# The Facts In The Case of Dr Andrew Wakefield - a graphic tale



## StormFeather (May 24, 2010)

I knew some of the facts of this, but didn't realise just exactly how he came to do the research, what he put the kids through, and how much he'd received by doing it.

I also think this is a brilliant way to tell the story

tallguywrites: The Facts In The Case Of Dr. Andrew Wakefield


----------



## Ursa major (May 24, 2010)

Looks as if Ms J McCarthy never received her mumps jab....


* cough*



Thanks for that link, Stormfeather. And yes, a really good way to tell the story.


----------



## Starbeast (May 24, 2010)

Thank you for the information, it was incredible.


----------



## j d worthington (May 24, 2010)

And, as a result of this, since we have had a backlash against vaccination, the rise in measles and similar diseases (which had nearly been eradicated in modern industrialized societies), has been on the rise, along with their toll in infant mortality and miscarriages, etc.....

Yet again I state that we desperately need to improve our modern educational methods as concern science, critical thinking, and the ability to track down actual _facts_.... This is not an academic exercise; our very ability to function as a modern technological, physically healthier society depend on it....


----------



## skeptical (May 24, 2010)

A few statistics.

If a child is not vaccinated, he or she has a 50% chance of contracting measles.

If he/she has measles, there is a 1 in 1000 chance of dying from it, and a much larger chance of serious infection related harm, including brain damage.

So, if Wakefield's fraud prevents 2000 children being vaccinated, then one death is laid at his door.  (as an average).

How many children have died as a result of his fakery?


----------



## StormFeather (May 24, 2010)

All I can find so far in this story:

BBC News - Wakefield and autism: the story that will not go away

was that the first death from measles for over a decade was in 2006. 

I'm sure I remember there being an outbreak of measles last year, either at a secondary school or university type place (ie lots of students) where there was at least one death. Too tired to research it properly right now though.

I do so hope Dr Wakefield gets what he truly deserves


----------



## skeptical (May 24, 2010)

To give an idea of how serious measles can be we need to look at developing nations, and Africa in particular.

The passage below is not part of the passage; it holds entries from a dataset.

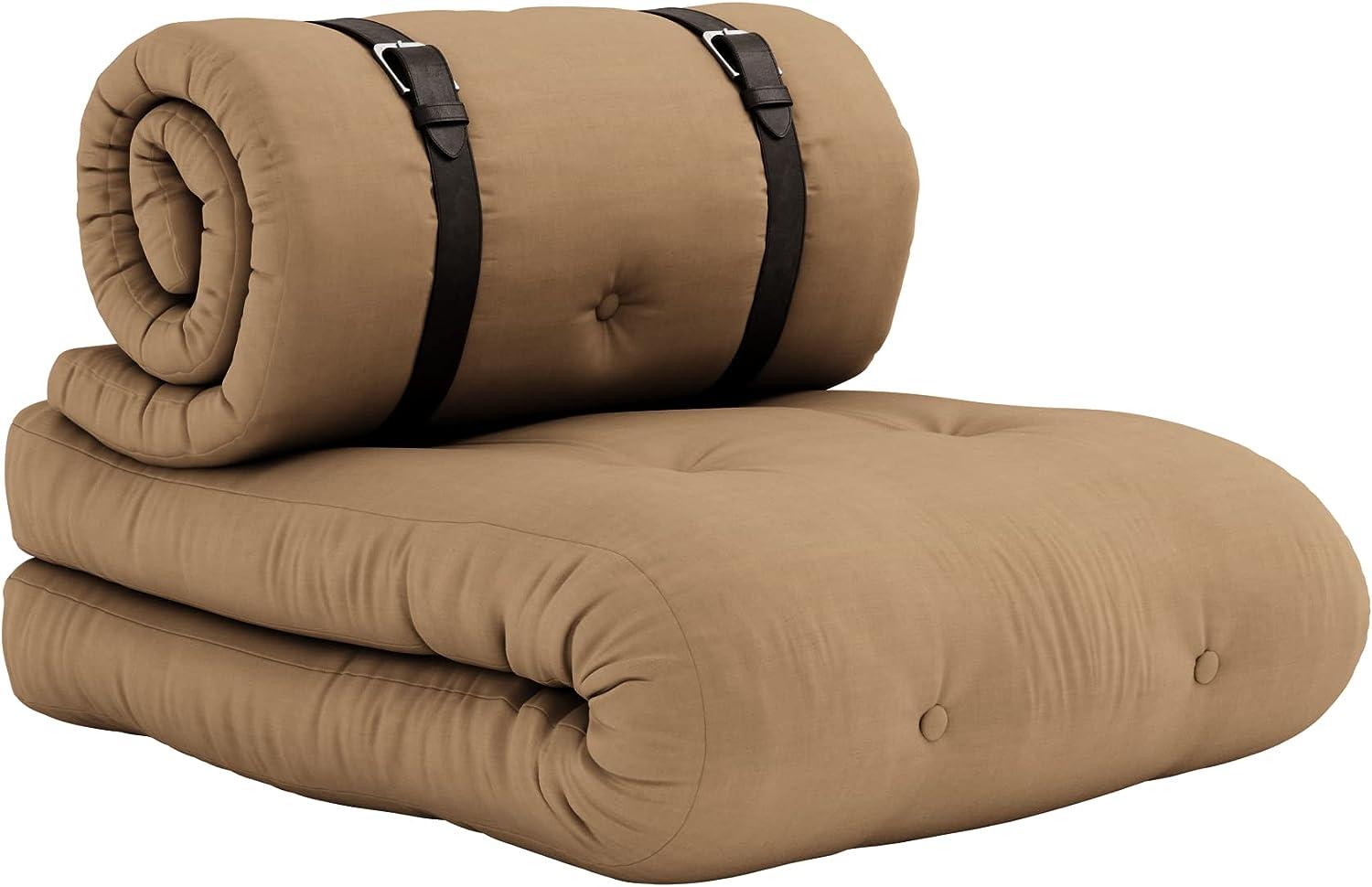 Karup Design Futonsessel BUCKLE UP Mocca vereint Funktionalität und Stil. In nur drei Schritten verwandeln Sie diesen Sessel von einer bequemen Sitzgelegenheit in eine komfortable Schlafgelegenheit. Mit einer Liegefläche von 70 x 200 cm und zwei Futonmatratzen bietet er gepolsterten Komfort für die Nacht. Der Bezug in Mocca und der Ledergürtel in Braun/Silber runden das ansprechende Design ab. **Highlights** - Multifunktional: Verwandelt sich schnell von einem Sessel in ein Bett - Breitere und dickere Futons für zusätzlichen Komfort - Einfache Handhabung durch aufrollbare Rückenlehne - Stilvolles Design, das den Lebensraum maximiert - Pflegeleicht: Reinigung mit trockenem Tuch **Produkteigenschaften** - Liegefläche: 70 x 200 cm - Futonmatratzen: 5 x 70 x 200 cm und 12 x 70 x 200 cm - Bezugfarbe: Mocca - Gürtel: Braun/Silber - Material Matratze: 80 % Baumwolle / 20 % Polyester - Dicke Matratze: 5 cm (mit 2 cm Schaumstoffkern) und 12 cm (mit 4 cm Schaumstoffkern) - Bezug nicht abnehmbar **Lieferumfang** - Futonsessel BUCKLE UP Mocca - 2 Futonmatratzen - Ledergürtel - Lieferung ohne Deko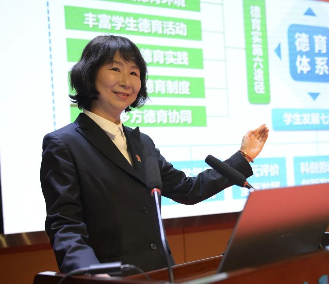 德育主任李满以“立德树人,五育并举”为题,通过德育工作“八段锦”对德育工作进行讲解,以此促进相互沟通、相互学习、共同进步,做幸福的德育人。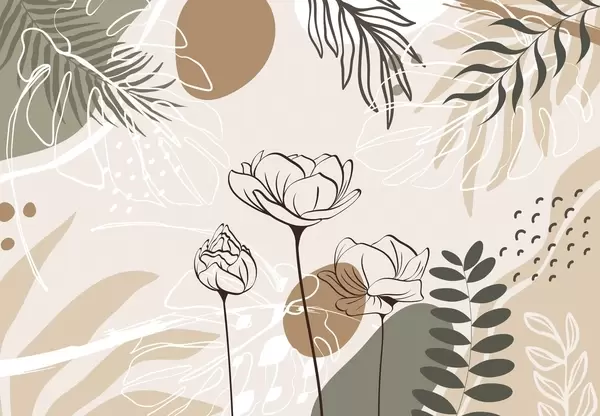 Papel tapiz Flores y hojas abstractas. Nr. w04662

UNICEF - Immunization - Measles deaths decreased by more than half

I quote :

_"It costs around $1 to vaccinate a child against measles. Between 1999 and 2005, more than 360 million children under the age of 15 were immunized as a result of campaigns in 45 priority countries – the majority in Africa. In the same period the total number of deaths from measles fell from 873,000 to 345,000 a year._
_But in spite of the Measles Initiative’s success, the disease remains a leading cause of vaccine-preventable deaths among children. Over the coming years, increased attention will be paid to countries in South Asia with large numbers of measles deaths. The new goal is to achieve  a 90 per cent reduction in measles deaths worldwide by 2010."_

Without immunisation, those massively high death rates will return to plague the west also.


----------



## Ursa major (May 24, 2010)

Apparently (i.e. according to Wiki) measles was reclassified as endemic to the UK in 2008, the first time it had had this status since 1994. Not exactly a good thing, I'd suggest.


----------



## Pyan (May 24, 2010)

Not that I'm defending his methods, but I rather thought that it wasn't the vaccinations as such that he was against, but the lumping together of three of them in one big injection. He _advocated_ single measles jabs, so it seems unfair to lay the blame for deaths from the disease at his door - why didn't the NHS Trusts allow parents that were worried by his reports to have single-disease inoculations?


----------



## StormFeather (May 25, 2010)

Yes, he did advocate the single innoculation, but what I hadn't realised is that 9 months before this all came out, he'd applied for a patent for a single measles innoculation. With the MMR so widely used there would have been no way for his vaccination to be used.

And I believe that the NHS did eventually* provide single innoculations, but the take up by parents wasn't consistent - the number who actually ensured that their child received all of the required injections was actually quite small. So there are a lot of young adults out there who haven't received the full protection, hence the recent catch-up programmes of vaccinations in secondary schools to prevent possible outbreaks.

*they really didn't want to drop the MMR because they were worried that parents wouldn't subject their children to so many injections - and it seems they were right (I was still in contact with my colleagues in paediatrics at the time, and the frustration that most of them felt at the time was enormous)


----------



## ColdBurn (May 25, 2010)

Simple logic would suggest that if a link between MMR innoculation and autism or IBS actually existed, the occurence of these in children ought to be signifigantly higher given the widespread  use of the vaccines.


----------



## mosaix (May 25, 2010)

ColdBurn said:


> Simple logic would suggest that if a link between MMR innoculation and autism or IBS actually existed, the occurence of these in children ought to be signifigantly higher given the widespread  use of the vaccines.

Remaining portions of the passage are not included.